Michael Elmgreen of the artist duo Elmgreen & Dragset says that Gran Fury and Act Up were important movements that raised awareness of the Aids crisis. “No one seemed to remember how ignorant the authorities were worldwide at that time,” he says. “It was art with a clear political agenda… it was not about good or bad art, but survival.”
Today, in openly exploring gay-related issues, Elmgreen & Dragset are still in a minority. The duo have made pieces that are blatantly pro-gay, such as Memorial to the Homosexuals Persecuted under the National Socialist Regime, unveiled in 2008 in Berlin. But their current exhibition at the Victoria and Albert Museum in London, “Tomorrow” (until 2 January 2014), is more subtle. The site-specific installation is a “fictional domestic interior that belongs to the architect Norman Swann”. HIV medication in a desk drawer alludes to Swann’s predicament as an elderly gay man who has lived longer than expected after advances in research and treatment. “But [the work] is less about gay issues and more about masculine roles,” Elmgreen says.
Back on the agenda
Gay rights have been brought into sharp focus by the Russian president Vladimir Putin’s anti-gay crackdown (in July, he signed a bill classifying “homosexual propaganda” as pornography).

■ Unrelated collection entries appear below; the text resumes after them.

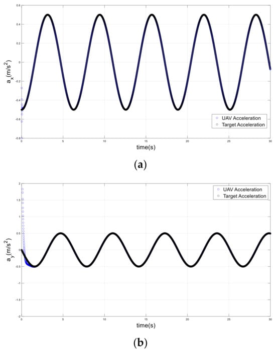 UAV and target accelerations in a sudden stop scenario; (a) x-axis, (b) y-axis.
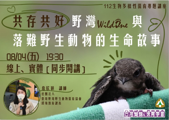 介紹野生動物救援工作內涵,分享印象深刻的救傷故事,包含鳳頭蒼鷹、黑熊、白鼻心、穿山甲、小雨燕等,認識野生動物面臨的生存危機,討論如何改變現況並學習參與保育工作。
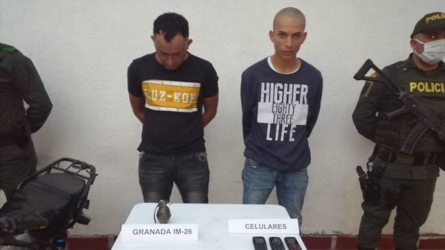 Al momento de ser, requeridos por las autoridades, tomaron una actitud sospechosa y en el registro por parte de los uniformados, les hallaron en su poder una granada de fragmentación Im-26, 03 celulares y 04 estiquer alusivos al GAO EPL.
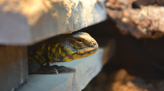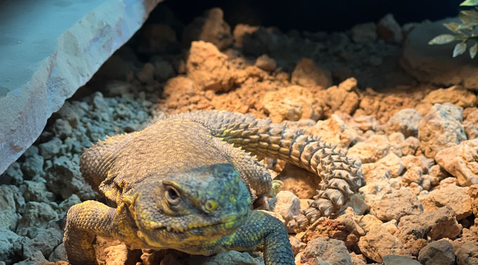Meet Gual, our vibrant yellow Saharan Uromastyx. Hailing from the arid deserts of North Africa, these resilient lizards have adapted to survive in some of the harshest environments on Earth. Gual's remarkable ability to regulate his body temperature and conserve water is a testament to the incredible diversity of life on our planet. As he shares his fascinating biology and behavior with our visitors, Gual will undoubtedly inspire a sense of wonder and curiosity about these incredible desert dwellers. With his striking yellow coloration, Gual is a true standout in our educational programs, teaching us about the unique characteristics and adaptations of these remarkable animals.
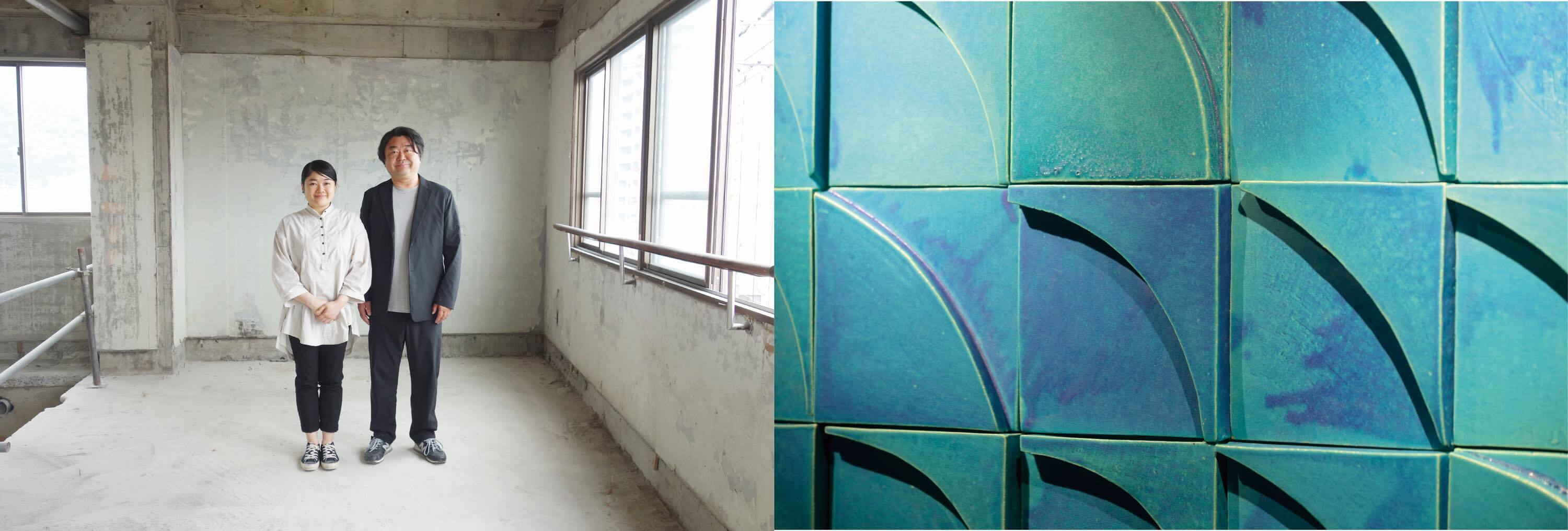 右:宿主人(妻)である陶芸家 坂本和歌子による陶板アート「凪」
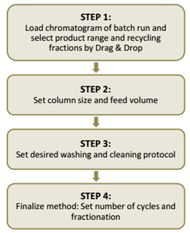 MCSGP向導軟件可自動計算回收階段的在線稀參數,并可顯示所需進料的總體積、溶劑和運行時間等。
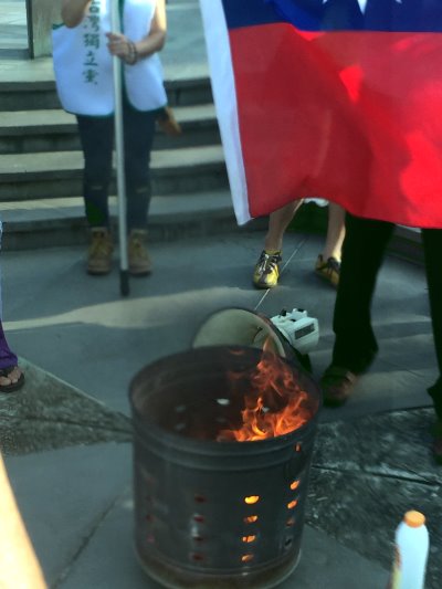 台灣人有權利損毀、焚燒車輪旗,以維護個人與民族的尊嚴。這些可惡的赤藍權貴為了壓制台灣人的反抗,唯恐「偽中華民國」的非法性擴大被披露,他們無恥地緊握那落伍、反動的「國旗」惡法,繼續剝奪台灣人的人權與自由意志表達。

The most radical art has subsequently been seen in street protests; a demonstration in September in Madrid featured posters depicting Putin in make-up and false eyelashes.

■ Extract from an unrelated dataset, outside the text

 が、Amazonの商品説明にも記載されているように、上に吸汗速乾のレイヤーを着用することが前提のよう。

In August, the Irish artist and curator Noel Kelly organised a petition demanding that the organisers of the roving biennial Manifesta postpone, cancel or relocate the 2014 exhibition due to take place in St Petersburg. It has since drawn nearly 2,000 signatures, and received the support of Klaus Biesenbach, the director of MoMA PS1 in New York. “What is clear is that progressive, contemporary culture in Russia is contested, and as ideas continue to be exchanged across borders, we believe it is vital to play an active role in this dialogue,” said the organisers of Manifesta 10 in a statement. But Michael Elmgreen says: “I think art events like Manifesta have a moral responsibility to address the problems in Russia in a direct way.”
The power to provoke
Aids is not the only catalyst for artists today, who appear concerned with other gay-related issues and work across different platforms. “Art still has a role to play in advancing LGBT [lesbian, gay, bisexual and transgender] and other causes, although right now, it seems that popular culture and social media are where much of the action is,” says Marilee Lindemann, the director of the LGBT Studies programme at the University of Maryland. Nelson Santos argues that art still has the power to “provoke, influence and sway”, saying that his organisation uses art as a starting point to develop dialogues around complex issues such as homophobia. “How to continue to provoke dialogue” is an ongoing challenge, he says.

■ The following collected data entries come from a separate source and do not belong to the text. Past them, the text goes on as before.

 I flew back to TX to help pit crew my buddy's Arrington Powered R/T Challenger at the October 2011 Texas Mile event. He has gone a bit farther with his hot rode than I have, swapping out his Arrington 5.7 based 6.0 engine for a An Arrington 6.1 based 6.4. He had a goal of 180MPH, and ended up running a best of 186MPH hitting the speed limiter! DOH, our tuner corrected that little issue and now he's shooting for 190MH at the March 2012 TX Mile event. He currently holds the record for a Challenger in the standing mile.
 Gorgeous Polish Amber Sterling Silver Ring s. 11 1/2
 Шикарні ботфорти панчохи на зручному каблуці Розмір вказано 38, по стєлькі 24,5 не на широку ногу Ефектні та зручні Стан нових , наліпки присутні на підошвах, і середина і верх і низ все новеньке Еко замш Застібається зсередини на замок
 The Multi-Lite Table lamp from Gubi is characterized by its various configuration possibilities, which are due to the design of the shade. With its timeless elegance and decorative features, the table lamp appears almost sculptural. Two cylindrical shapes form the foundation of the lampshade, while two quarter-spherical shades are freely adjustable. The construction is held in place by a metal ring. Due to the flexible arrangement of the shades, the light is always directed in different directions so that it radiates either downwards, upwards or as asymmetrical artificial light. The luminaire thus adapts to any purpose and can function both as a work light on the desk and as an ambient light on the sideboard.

Only a handful of artists are explicitly addressing issues that affect the LGBT community. Last December, the French street artist Kashink created a large-scale mural in central Paris in support of gay marriage; the piece showed two “husbands” happily poring over their wedding cake. The artist said she wanted to make a stand in support of “equality measures”.
The photographer Zanele Muholi has no qualms about saying she is an activist. “I think to myself: ‘What’s the point of just taking a picture? What happens after that?’” She takes a stand in her work against the stigmatisation of gay individuals who are classed as “un-African”. An exhibition of her striking, sexually charged images in 2010 at Cape Town’s Stevenson gallery explored “being black and queer”.
“To be counted as equal citizens in our country, we black lesbians need to make ourselves visible in whatever way we can. These aren’t just photographs: I am pushing a queer political agenda. Identities will always be political,” she says.